GOAL OF THE EXERCISE | Set down each entry below exactly as written, keeping the pictures out.

MATERIAL SHOWN |
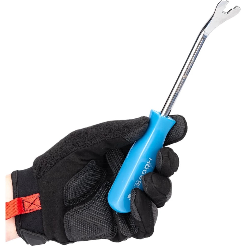 Съёмник предназначен для безопасного снятия обивочных зажимов, которые служат для непосредственного соединения внутренних частей автомобиля и его кузова. Благодаря применению съёмника из конструкции зажим-дюбель легко достается сам зажим, что позволяет снимать панели обивки без причинения вреда.
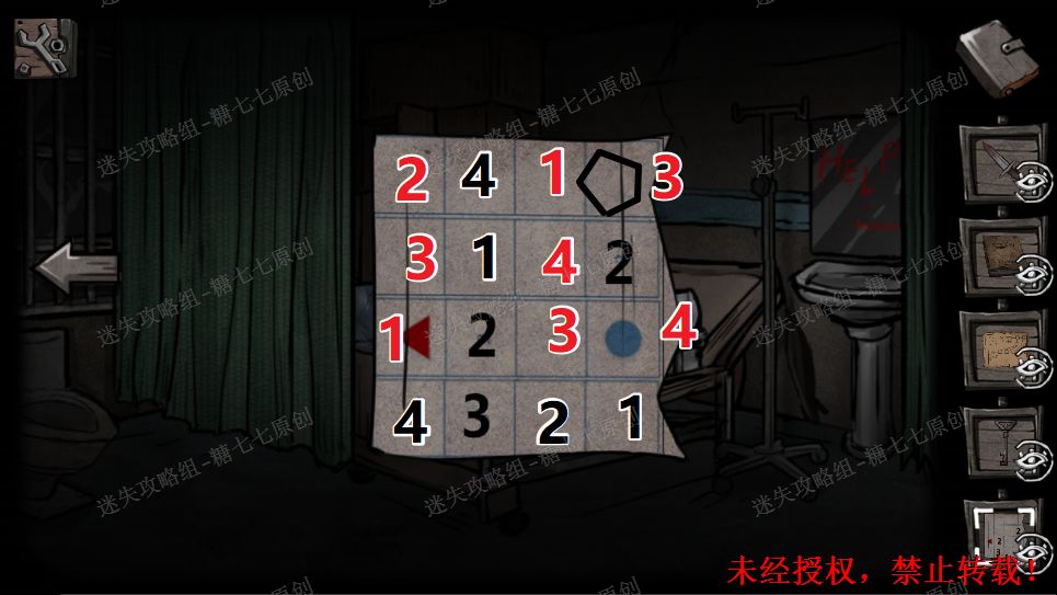 48、去教堂,输入密码,拿到脚铐钥匙。然后根据路标的形状和方向得到诊所药柜的密码为:上右左上下左48/481/482/483
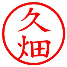 [朱肉の色]を選び、入力窓に“久畑”と入力して[生成]ボタンを押すと、印影が更新され、リンクから電子印鑑(デジタル印影)がダウンロードできます。 電子印鑑「久畑」の作り方文字表示が変なときや、文字バランスが悪いときは[字形切替]のチェックボックスでON/OFFを切り替え[生成]しなおしてください。 生成される画像は通常の印影「久畑.png」と、にじみを表現した少し太めの印影「久畑B.png」の背面透過PNG形式2種と、鮮明なPDF形式の印影「久畑.pdf」の計3種類です。 朱肉の微妙な色の違いを7色で表現しました。デフォルト(左端)は、JISが定めた朱肉の色のマンセル値(7.5R 5/14)をRGB値(217,66,54)に変換したものになっています。 「電子透かし」にチェックを入れて[生成]ボタンを押すと、タイムスタンプを電子透かしとして埋め込んだセキュアな電子印鑑が作れます。詳細は別ページの「タイムスタンプと電子透かし」でご覧ください。 久畑さんの日付印が作れます。「日付スタンプメーカー」は、社内向けの書類に利用されることの多い日付印(データ印)が無料で作れるWebアプリケーションです。中段に日付が入り、上段と下段は、ともに8文字まで文字が入ります。 ![]() 古代文字で落款印が作れます。「落款スタンプメーカー」で作品を引き立たせる落款印が作れます。
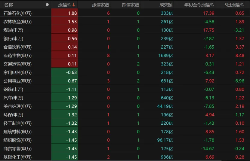 31个申万一级行业中,石油石化板块涨近2%,博汇股份“20cm”涨停,中油工程、和顺石油、康普顿、蓝焰控股、贝肯能源涨停;农林牧渔、煤炭、银行、食品饮料、医药生物、交通运输等板块均收红。
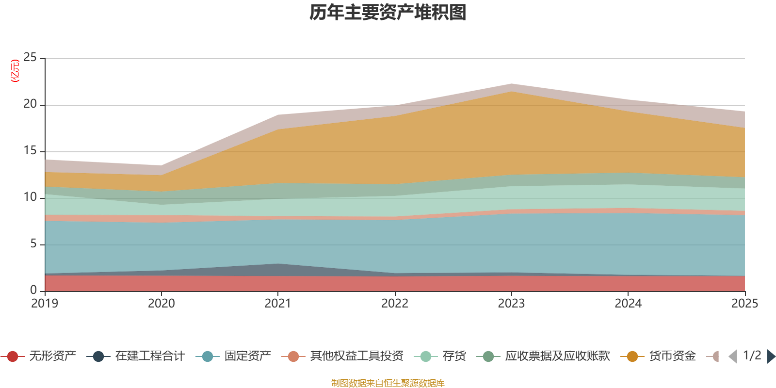 资产重大变化方面,截至2025年末,公司货币资金较上年末减少19.46%,占公司总资产比重下降4.51个百分点;交易性金融资产合计占公司总资产的2.08%,上年末为0;固定资产较上年末减少1.86%,占公司总资产比重上升1.51个百分点;预付款项较上年末增加32.45%,占公司总资产比重上升0.85个百分点。
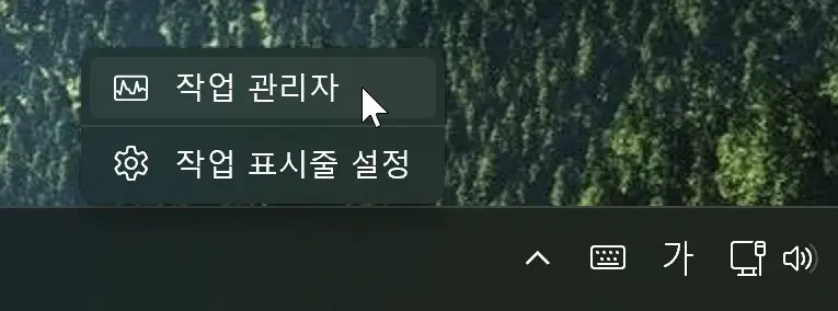 작업표시줄에서 마우스 우측버튼을 클릭하시면 아래와 같이 '작업관리자'를 선택할 수 있습니다.
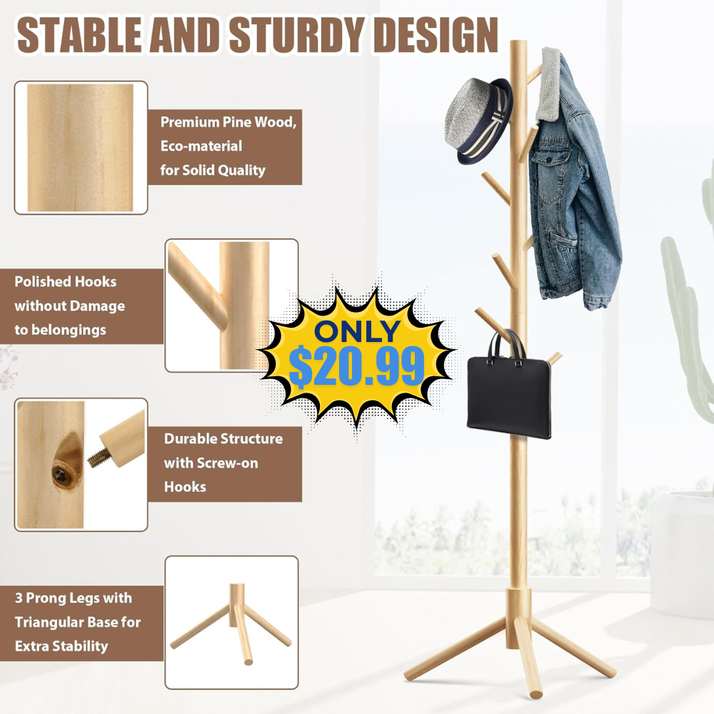 Save 31% off on this Haddockway Wooden Coat Rack Stand. Aplly $4.00 coupon to get this amazing discount. This is awesome price for this product!
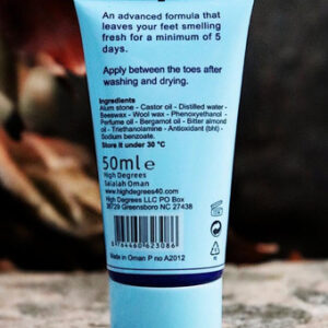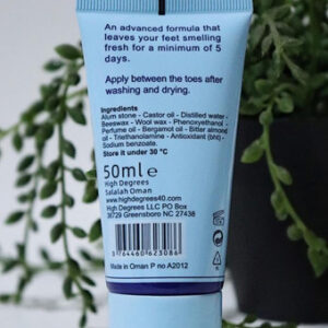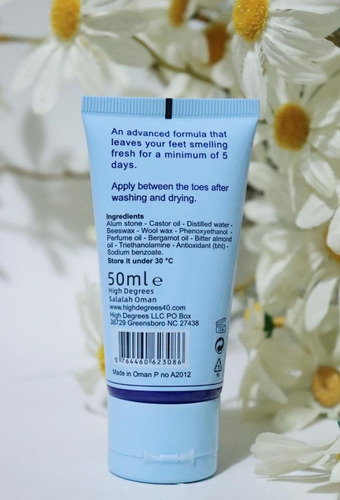 Desodorante para pés – A solução definitiva para um frescor duradouro. Nosso creme inovador vai além dos produtos convencionais para o cuidado dos pés, não apenas reduzindo efetivamente o odor desagradável dos pés por um período de aproximadamente 5 dias ou mais, mas também estabelece um marco que não foi alcançado por nenhuma marca registrada no mercado antes. Nosso segredo está na seleção cuidadosa e combinação de óleos essenciais de alta qualidade, bem como óleos florais e aromáticos provenientes de diferentes partes do mundo. Esta mistura exótica é cuidadosamente montada para criar uma fórmula poderosa e eficaz que não só neutraliza eficazmente o cheiro desagradável, mas também garante um frescor duradouro. Nossa dedicação e esforços se concentram não apenas em obter um efeito temporário, mas, a longo prazo, em eliminar o cheiro desagradável do suor, muitas vezes causado por fatores naturais, como clima quente e úmido. Entendemos que o odor do pé pode ser não apenas irritante, mas também estressante, e é por isso que desenvolvemos uma fórmula que não apenas trata os sintomas, mas também aborda o problema pela raiz. Experimente uma nova dimensão de cuidados com os pés com nosso desodorante para pés, onde o frescor duradouro se encontra com formulações avançadas. Dê aos seus pés o cuidado que eles merecem e desfrute da confiança que vem com pés frescos e perfumados. Nosso creme é mais do que apenas um produto; é uma revolução no estilo de vida para aqueles que valorizam o frescor e o bem-estar duradouros.

RESULT FOR THIS EXERCISE |
 Съёмник предназначен для безопасного снятия обивочных зажимов, которые служат для непосредственного соединения внутренних частей автомобиля и его кузова. Благодаря применению съёмника из конструкции зажим-дюбель легко достается сам зажим, что позволяет снимать панели обивки без причинения вреда.
 48、去教堂,输入密码,拿到脚铐钥匙。然后根据路标的形状和方向得到诊所药柜的密码为:上右左上下左48/481/482/483
 [朱肉の色]を選び、入力窓に“久畑”と入力して[生成]ボタンを押すと、印影が更新され、リンクから電子印鑑(デジタル印影)がダウンロードできます。 電子印鑑「久畑」の作り方文字表示が変なときや、文字バランスが悪いときは[字形切替]のチェックボックスでON/OFFを切り替え[生成]しなおしてください。 生成される画像は通常の印影「久畑.png」と、にじみを表現した少し太めの印影「久畑B.png」の背面透過PNG形式2種と、鮮明なPDF形式の印影「久畑.pdf」の計3種類です。 朱肉の微妙な色の違いを7色で表現しました。デフォルト(左端)は、JISが定めた朱肉の色のマンセル値(7.5R 5/14)をRGB値(217,66,54)に変換したものになっています。 「電子透かし」にチェックを入れて[生成]ボタンを押すと、タイムスタンプを電子透かしとして埋め込んだセキュアな電子印鑑が作れます。詳細は別ページの「タイムスタンプと電子透かし」でご覧ください。 久畑さんの日付印が作れます。「日付スタンプメーカー」は、社内向けの書類に利用されることの多い日付印(データ印)が無料で作れるWebアプリケーションです。中段に日付が入り、上段と下段は、ともに8文字まで文字が入ります。 ![]() 古代文字で落款印が作れます。「落款スタンプメーカー」で作品を引き立たせる落款印が作れます。
 31个申万一级行业中,石油石化板块涨近2%,博汇股份“20cm”涨停,中油工程、和顺石油、康普顿、蓝焰控股、贝肯能源涨停;农林牧渔、煤炭、银行、食品饮料、医药生物、交通运输等板块均收红。
 资产重大变化方面,截至2025年末,公司货币资金较上年末减少19.46%,占公司总资产比重下降4.51个百分点;交易性金融资产合计占公司总资产的2.08%,上年末为0;固定资产较上年末减少1.86%,占公司总资产比重上升1.51个百分点;预付款项较上年末增加32.45%,占公司总资产比重上升0.85个百分点。
 작업표시줄에서 마우스 우측버튼을 클릭하시면 아래와 같이 '작업관리자'를 선택할 수 있습니다.
 Save 31% off on this Haddockway Wooden Coat Rack Stand. Aplly $4.00 coupon to get this amazing discount. This is awesome price for this product!
 Desodorante para pés – A solução definitiva para um frescor duradouro. Nosso creme inovador vai além dos produtos convencionais para o cuidado dos pés, não apenas reduzindo efetivamente o odor desagradável dos pés por um período de aproximadamente 5 dias ou mais, mas também estabelece um marco que não foi alcançado por nenhuma marca registrada no mercado antes. Nosso segredo está na seleção cuidadosa e combinação de óleos essenciais de alta qualidade, bem como óleos florais e aromáticos provenientes de diferentes partes do mundo. Esta mistura exótica é cuidadosamente montada para criar uma fórmula poderosa e eficaz que não só neutraliza eficazmente o cheiro desagradável, mas também garante um frescor duradouro. Nossa dedicação e esforços se concentram não apenas em obter um efeito temporário, mas, a longo prazo, em eliminar o cheiro desagradável do suor, muitas vezes causado por fatores naturais, como clima quente e úmido. Entendemos que o odor do pé pode ser não apenas irritante, mas também estressante, e é por isso que desenvolvemos uma fórmula que não apenas trata os sintomas, mas também aborda o problema pela raiz. Experimente uma nova dimensão de cuidados com os pés com nosso desodorante para pés, onde o frescor duradouro se encontra com formulações avançadas. Dê aos seus pés o cuidado que eles merecem e desfrute da confiança que vem com pés frescos e perfumados. Nosso creme é mais do que apenas um produto; é uma revolução no estilo de vida para aqueles que valorizam o frescor e o bem-estar duradouros.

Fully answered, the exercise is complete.